Both pro-crowdfunders and anti-crowdfunders will undoubtedly find aspects of the OSC proposal that will galvanize their respective positions. Pro-crowdfunders, while pleased that this day has come, will lament the proposed investment caps and potential compliance costs, while the anti-crowdfunders will insist that the investing public is not being sufficiently protected.

For those who believe that this proposal does not go far enough, another possible avenue is the proposal, which was also announced on March 20, 2014, by certain other members of the Canadian Securities Administrators (the “CSA Proposal”)5. The CSA Proposal introduces new crowdfunding prospectus and registration exemptions for non-reporting issuers, similar to Saskatchewan’s existing regime. British Columbia also announced the same day that it is soliciting comment on the CSA Proposal. These start-up exemption proposals would be available to non-reporting issuers only, would not require portal registration and would have lower capital raising and investment limits.

The OSC’s proposals, as well as the other regulators’ proposals, are open for comment until June 18, 2014. Let the crowdfunding debate continue.

If you have any questions about this bulletin or if you would like further information about these matters, please contact the authors or any of the members of the firm's’s Securities & Corporate Finance Group.

 

 


1 While crowdfunding in general has not been prohibited per se, this latest proposal will soon allow prospective Canadian investors to obtain actual equity interests in companies (and not just be satisfied that a film gets made, for instance). In fact, donation or incentive-based crowdfunding has been occurring in Canada for some time. Major crowdfunding sites like Kickstarter have been operating in Canada for months (see here and here) and Saskatchewan was ahead of other regulators in permitting equity crowdfunding (see here).

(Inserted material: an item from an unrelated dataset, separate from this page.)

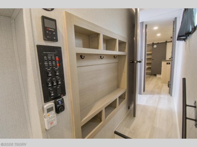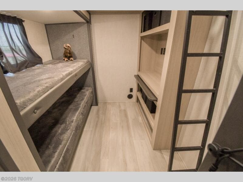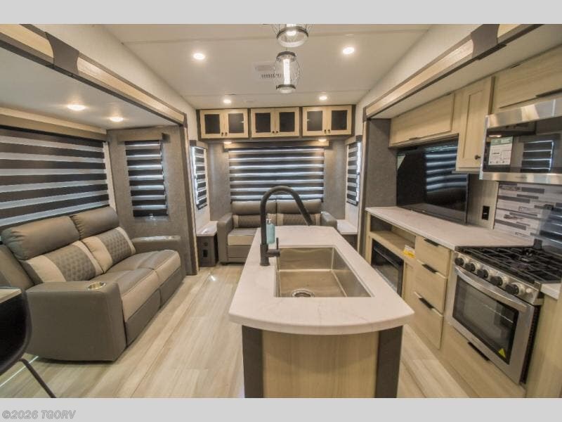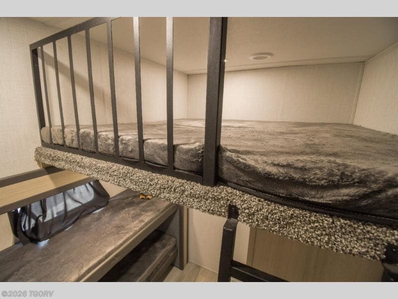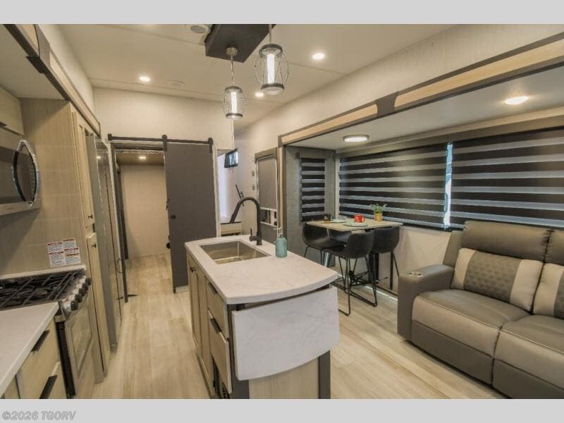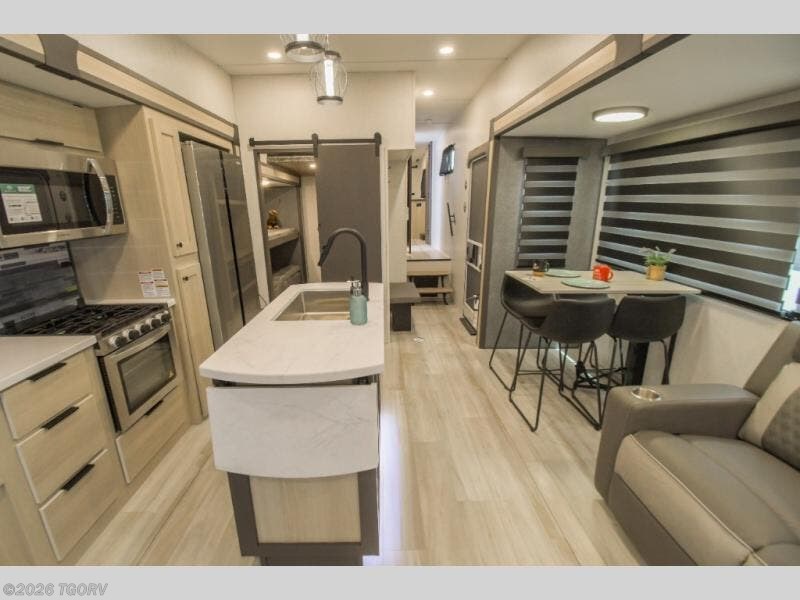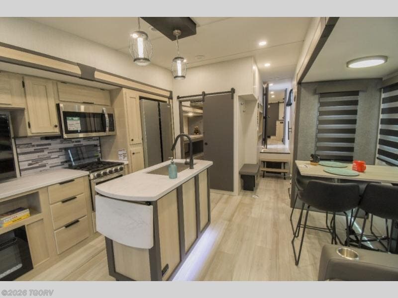 Wow! You won't believe the features found in this luxury fifth wheel that can sleep up to nine each night! Your guests or the kids will absolutely love the middle bunkroom with triple bunks and a loft above for even more sleeping or storage space. There is also a pull-out desk here, which will allow you to utilize this space as an office as well! You'll have your own space in the front private bedroom on the king bed slide out, and there is a walk-in wardrobe to keep your clothes tidy. There is even washer and dryer prep for the option to keep those clothes clean! The chef of your group will have everything they need to prepare meals, including a 21" 2-in-1 oven range, an over-the-range microwave, a 16 cu. ft. 12V refrigerator, plus a kitchen island for more counter space. In the evenings, your crew can get cozy on the rear sofa and theater seats across from the entertainment center and fireplace, or you might just play a game at the hi-top table and chairs!
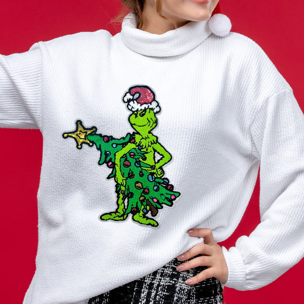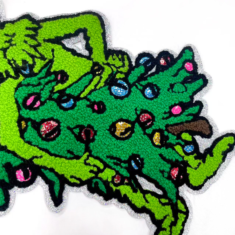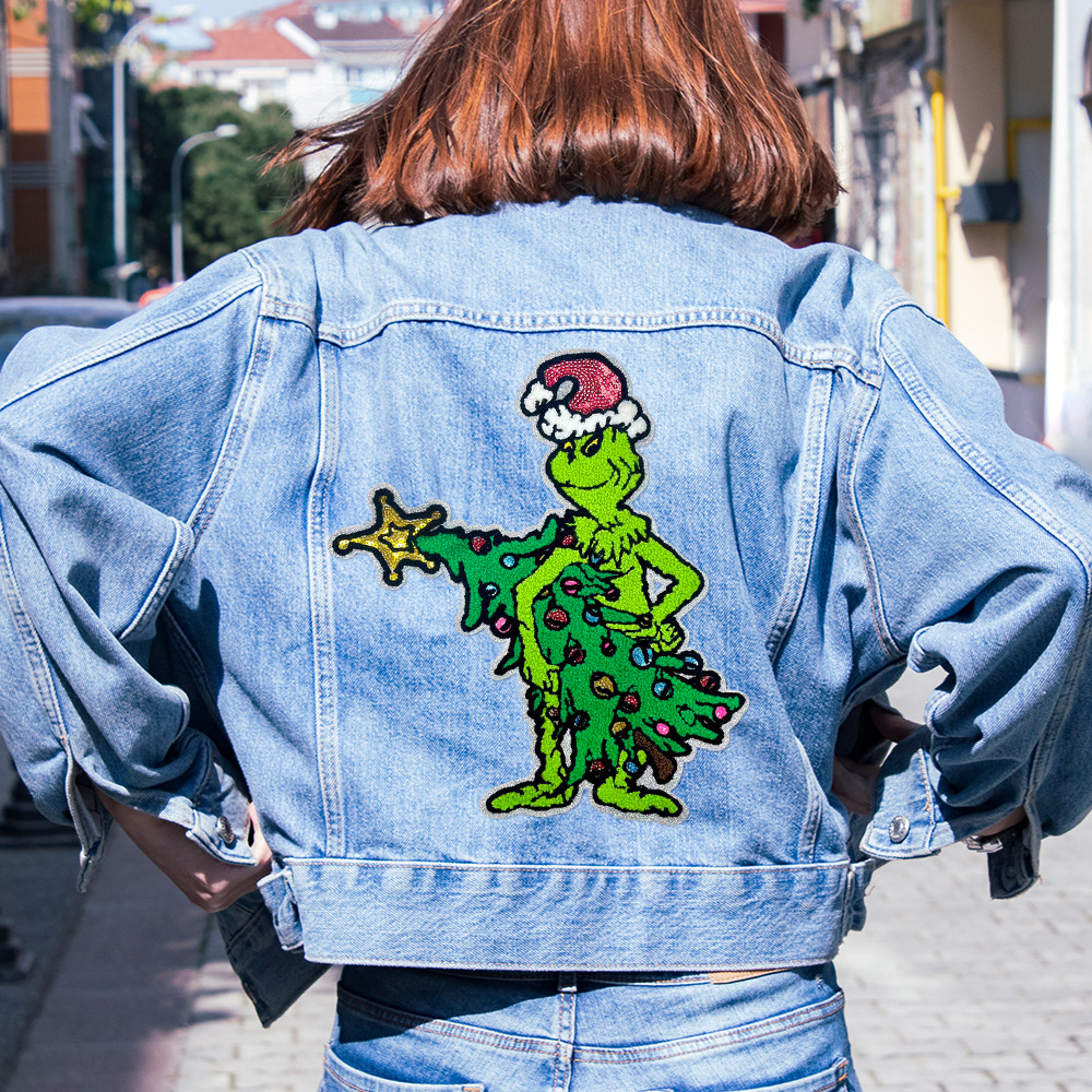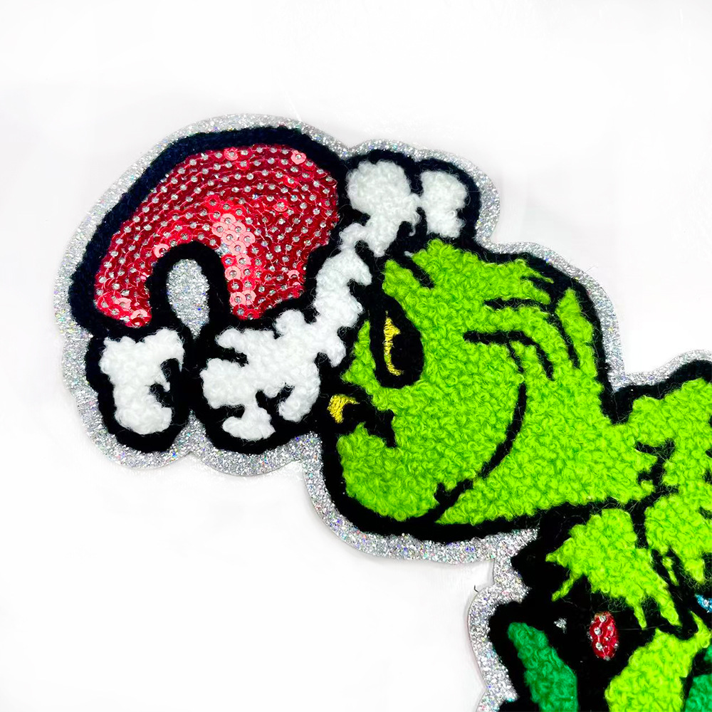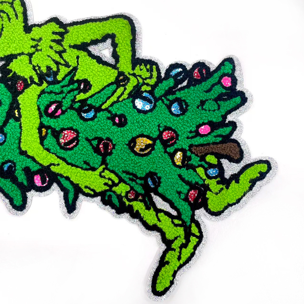 シェニールパッチが落ちないように、数針縫い付けることを忘れないでください。パッチの裏側には熱接着剤が付いていますが、加熱しないと貼り付きません。

2 The proposed changes are: the introduction of Multilateral Instrument 45-108 Crowdfunding and related Companion Policy 45-108CP Crowdfunding, which give effect to the Crowdfunding Prospectus Exemption and Crowdfunding Portal Requirements, prescribed Form 45-108F1 Crowdfunding Offering Document (Form 45-108F1), and prescribed Form 45-108F2 Risk Acknowledgement Form for Crowdfunding Investors (Form 45-108F2).

3 Following through on its December 4, 2013 announcement, the OSC also proposed an offering memorandum exemption, a family, friends and business associates exemption and an existing security holder exemption.

4 If an issuer aimed to raise $500,000, it would therefore be looking at dealing with 200 new shareholders and the associated administrative and compliance costs.

5 The specific jurisdictions are: Saskatchewan, Manitoba, Quebec, New Brunswick and Nova Scotia.